## Problem statement
Please reproduce the lines of the records below from the one holding "Tomate, mozzarella, lardons, oignons, sauce" through the one holding "(a) Reference gypsum", inclusive, skipping all pictures.

Stored dataset items

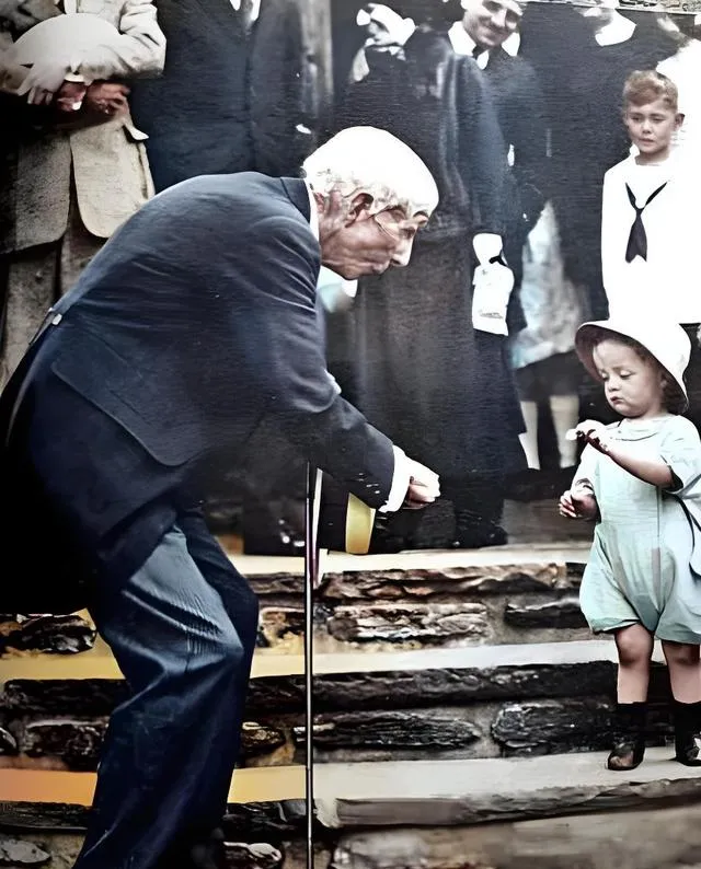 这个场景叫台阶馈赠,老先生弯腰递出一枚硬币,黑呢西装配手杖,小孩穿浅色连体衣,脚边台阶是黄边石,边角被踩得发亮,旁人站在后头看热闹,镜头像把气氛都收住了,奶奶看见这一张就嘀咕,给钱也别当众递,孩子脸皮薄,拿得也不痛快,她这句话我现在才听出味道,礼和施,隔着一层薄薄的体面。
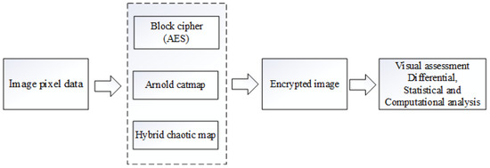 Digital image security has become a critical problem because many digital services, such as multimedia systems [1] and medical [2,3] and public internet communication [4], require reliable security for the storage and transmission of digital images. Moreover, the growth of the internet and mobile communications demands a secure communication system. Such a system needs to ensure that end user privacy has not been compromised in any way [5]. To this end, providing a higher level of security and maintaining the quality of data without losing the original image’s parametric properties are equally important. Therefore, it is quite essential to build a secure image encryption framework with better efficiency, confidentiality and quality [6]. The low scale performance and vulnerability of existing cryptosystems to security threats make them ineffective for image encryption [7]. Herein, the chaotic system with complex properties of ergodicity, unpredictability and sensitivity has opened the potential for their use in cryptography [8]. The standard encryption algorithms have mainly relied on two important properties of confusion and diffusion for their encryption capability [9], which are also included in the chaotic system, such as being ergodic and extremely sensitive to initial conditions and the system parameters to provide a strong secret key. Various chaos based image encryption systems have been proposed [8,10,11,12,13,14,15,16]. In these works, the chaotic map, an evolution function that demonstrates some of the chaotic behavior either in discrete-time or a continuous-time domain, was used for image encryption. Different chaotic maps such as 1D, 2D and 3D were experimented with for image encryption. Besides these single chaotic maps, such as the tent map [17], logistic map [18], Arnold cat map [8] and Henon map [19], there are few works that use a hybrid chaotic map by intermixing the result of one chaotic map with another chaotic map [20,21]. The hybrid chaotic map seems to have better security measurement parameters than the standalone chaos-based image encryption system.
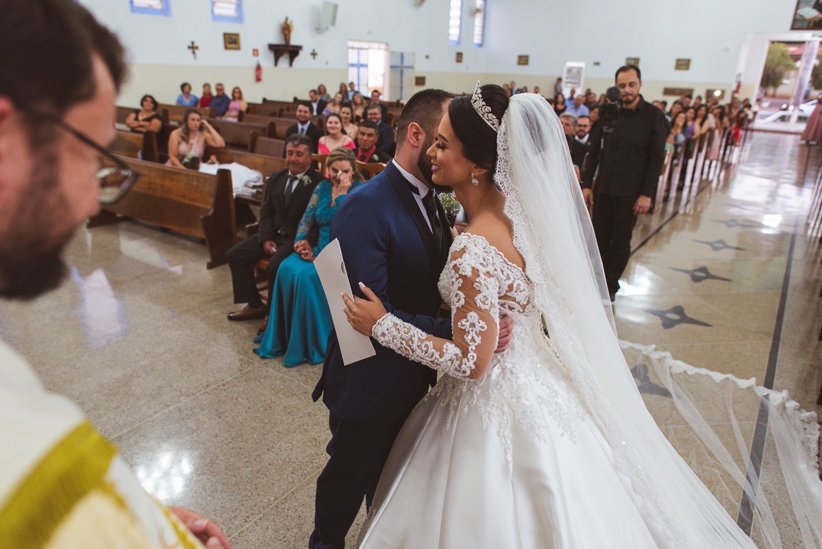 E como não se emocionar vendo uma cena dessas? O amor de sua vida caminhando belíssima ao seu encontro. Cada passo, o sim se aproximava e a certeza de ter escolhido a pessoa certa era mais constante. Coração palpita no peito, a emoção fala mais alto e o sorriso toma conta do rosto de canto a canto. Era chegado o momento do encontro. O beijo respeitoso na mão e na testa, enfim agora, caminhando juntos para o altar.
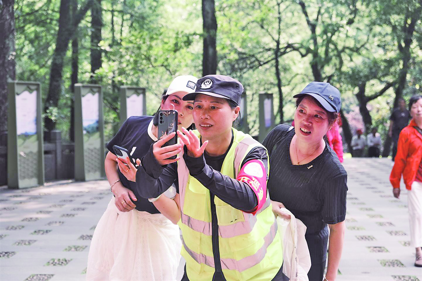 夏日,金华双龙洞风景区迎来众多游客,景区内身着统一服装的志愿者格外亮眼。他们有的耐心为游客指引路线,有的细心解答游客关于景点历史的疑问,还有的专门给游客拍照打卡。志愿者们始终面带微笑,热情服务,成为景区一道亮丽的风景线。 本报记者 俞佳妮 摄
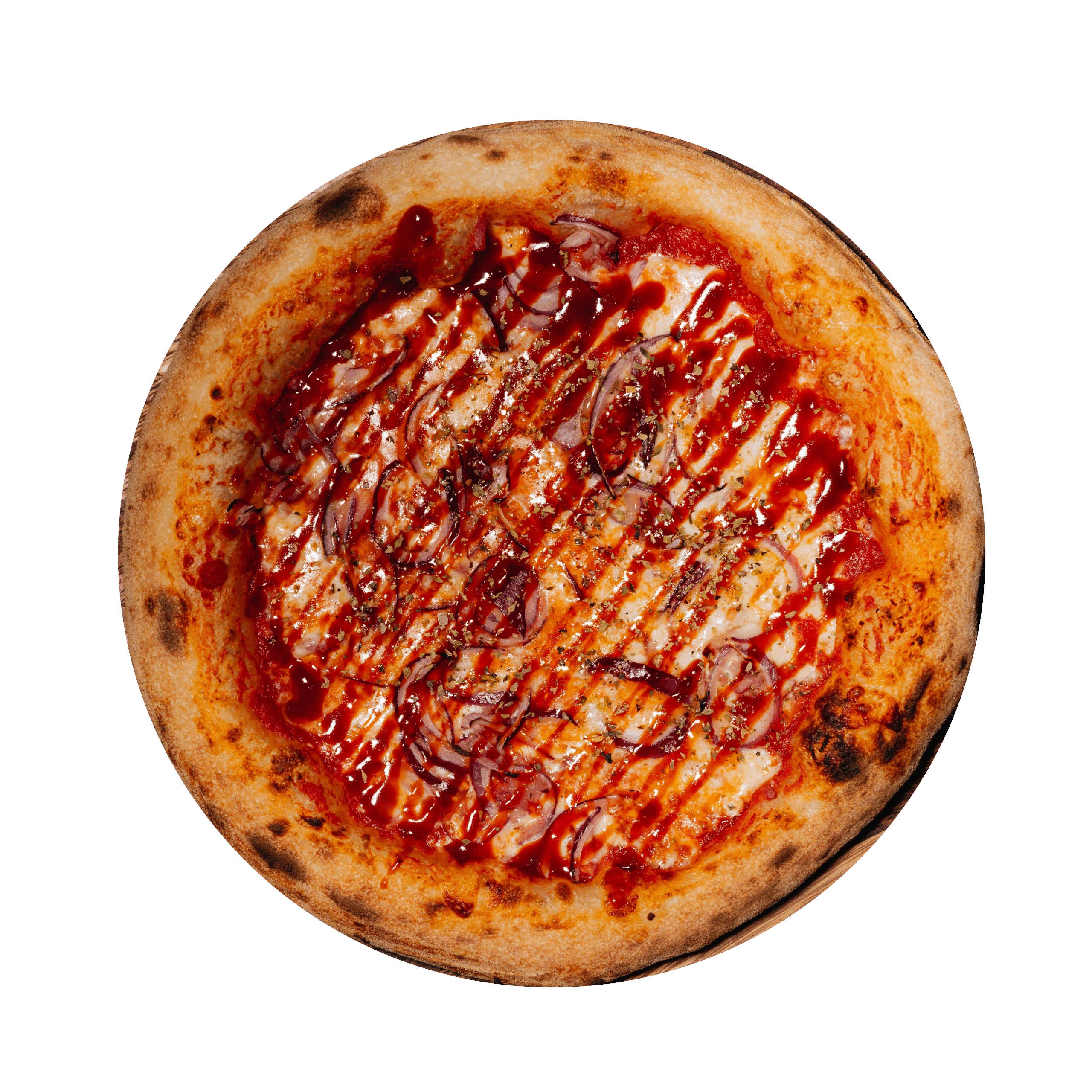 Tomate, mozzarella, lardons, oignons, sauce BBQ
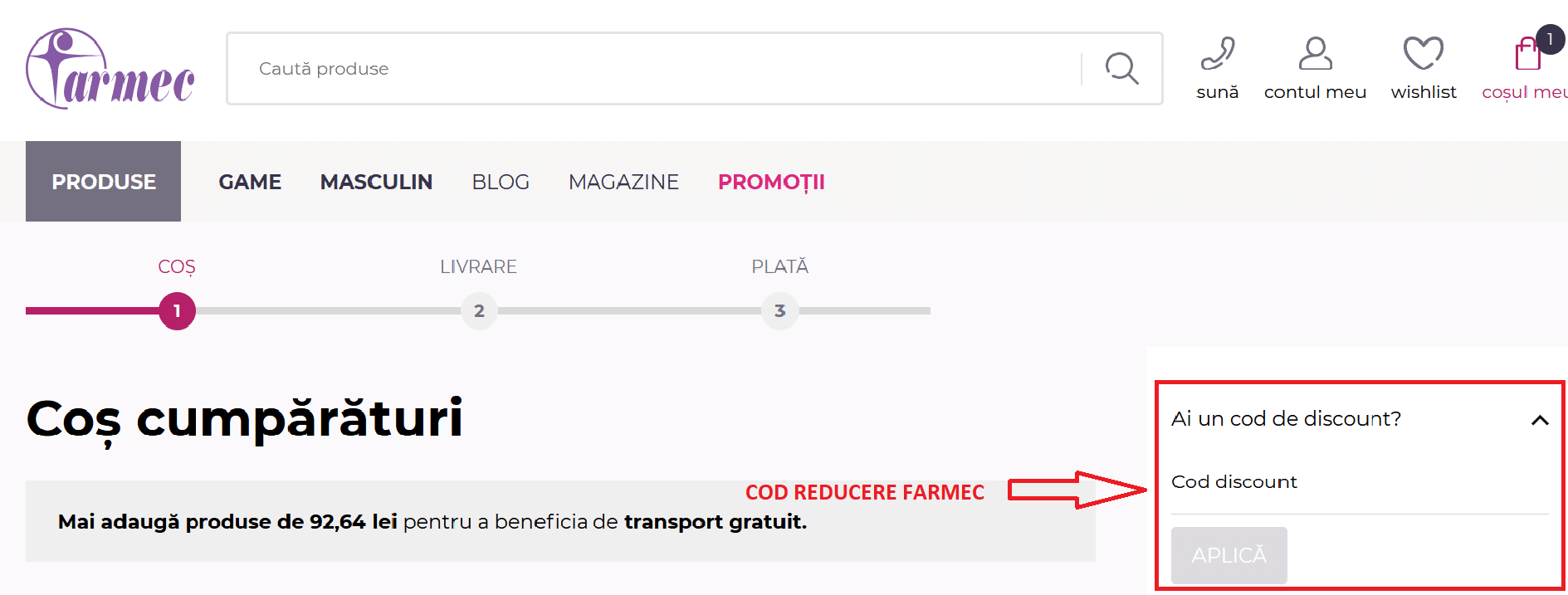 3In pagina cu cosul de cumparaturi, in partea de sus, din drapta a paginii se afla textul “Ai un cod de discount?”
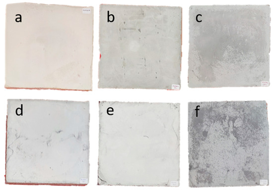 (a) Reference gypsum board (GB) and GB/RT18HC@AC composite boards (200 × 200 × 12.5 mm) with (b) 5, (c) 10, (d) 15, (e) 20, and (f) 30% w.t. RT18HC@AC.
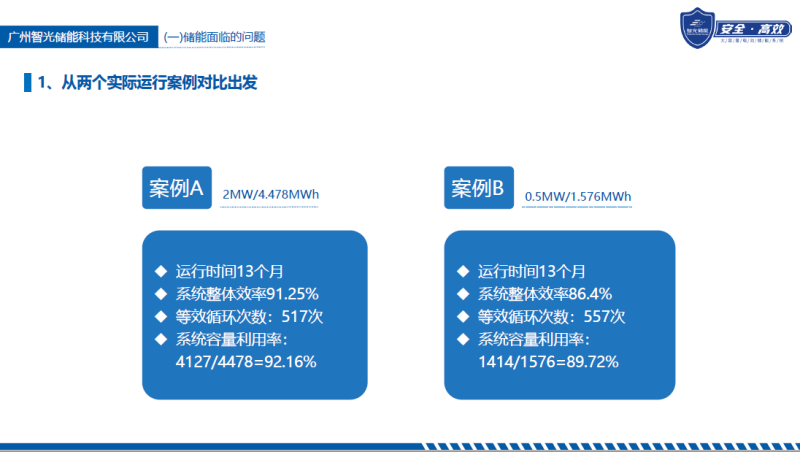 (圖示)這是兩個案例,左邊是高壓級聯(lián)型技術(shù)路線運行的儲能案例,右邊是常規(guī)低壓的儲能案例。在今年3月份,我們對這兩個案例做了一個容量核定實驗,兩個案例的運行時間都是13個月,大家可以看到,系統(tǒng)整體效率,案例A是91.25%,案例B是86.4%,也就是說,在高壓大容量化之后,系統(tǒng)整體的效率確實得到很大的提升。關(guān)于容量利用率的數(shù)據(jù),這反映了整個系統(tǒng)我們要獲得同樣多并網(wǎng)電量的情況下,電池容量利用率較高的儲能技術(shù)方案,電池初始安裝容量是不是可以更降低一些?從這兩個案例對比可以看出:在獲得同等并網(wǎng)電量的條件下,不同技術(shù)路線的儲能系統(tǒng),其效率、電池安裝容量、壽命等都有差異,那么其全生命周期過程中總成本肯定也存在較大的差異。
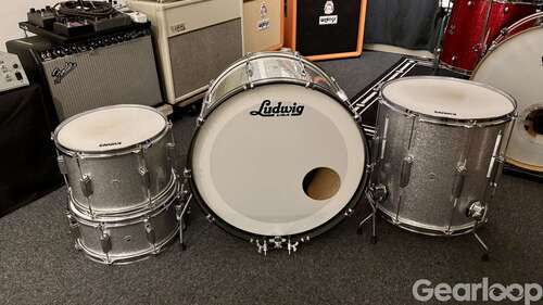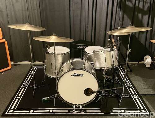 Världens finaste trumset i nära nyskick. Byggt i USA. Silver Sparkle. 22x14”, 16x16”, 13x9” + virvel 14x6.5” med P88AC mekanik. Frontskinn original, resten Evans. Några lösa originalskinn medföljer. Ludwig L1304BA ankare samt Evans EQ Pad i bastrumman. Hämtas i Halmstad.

## Exercise result
 Tomate, mozzarella, lardons, oignons, sauce BBQ
 3In pagina cu cosul de cumparaturi, in partea de sus, din drapta a paginii se afla textul “Ai un cod de discount?”
 (a) Reference gypsum board (GB) and GB/RT18HC@AC composite boards (200 × 200 × 12.5 mm) with (b) 5, (c) 10, (d) 15, (e) 20, and (f) 30% w.t. RT18HC@AC.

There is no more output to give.